Предыдущий опыт подсказывал: если пожаловаться метрдотелю, тут же явится служащий, добросовестно израсходует на борьбу с пронырливыми насекомыми большой флакон ужасно вонючей жидкости – дихлофоса. Однако победителями из этой схватки человека, точнее – «волшебницы-химии» – с тварями, уже несколько миллионов лет обитающими на Земле, выйдут всё-таки «бараты», некоторые особи которых напоминают своими размерами подросших мышат.
Приняв душ и переодевшись, Вольфганг выпил банку ледяного пива, закусил солёными орешками и спустился в холл. У дверей стояло несколько потрёпанных такси неопределённого цвета и возраста. Вольфганг кивнул шофёру одного из них и отправился по указанному священником адресу.

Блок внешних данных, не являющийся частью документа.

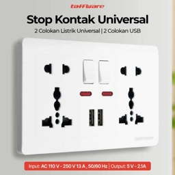 Taffware Stop Kontak Universal 2 Slot 2 USB On/Off Switch - Praktis dan Efisien, Cocok untuk Kebutuhan Beragam

В скромном двухэтажном особняке долго не отзывались на кнопку электрического звонка. Прошло минут пять, пока Вольфганг догадался, что это устройство не работает. Постучал ключами от своего офиса в массивную деревянную дверь, давно не знавшую краски. Окна первого этажа осветились тусклым светом, и в проёме двери появился худощавый молодой мулат. Он долго, внимательно слушал Вольфганга. Буркнув «Подождите!», бесцеремонно захлопнул дверь и надолго исчез. Возвратился в сопровождении двух бородатых мужчин лет сорока, в которых Вольфганг без труда узнал соотечественников, хотя изъяснялись они на португальском языке почти безупречно.
Он назвался и предъявил визитную карточку. Сообщил, что адресом его снабдил священник из Блуменау. Но это не ослабило нескрываемую настороженность, с которой оба встретили пришельца. Отлучившись на несколько минут, вернулись, нехотя пригласили войти в прихожую и осведомились, чем могут быть полезны.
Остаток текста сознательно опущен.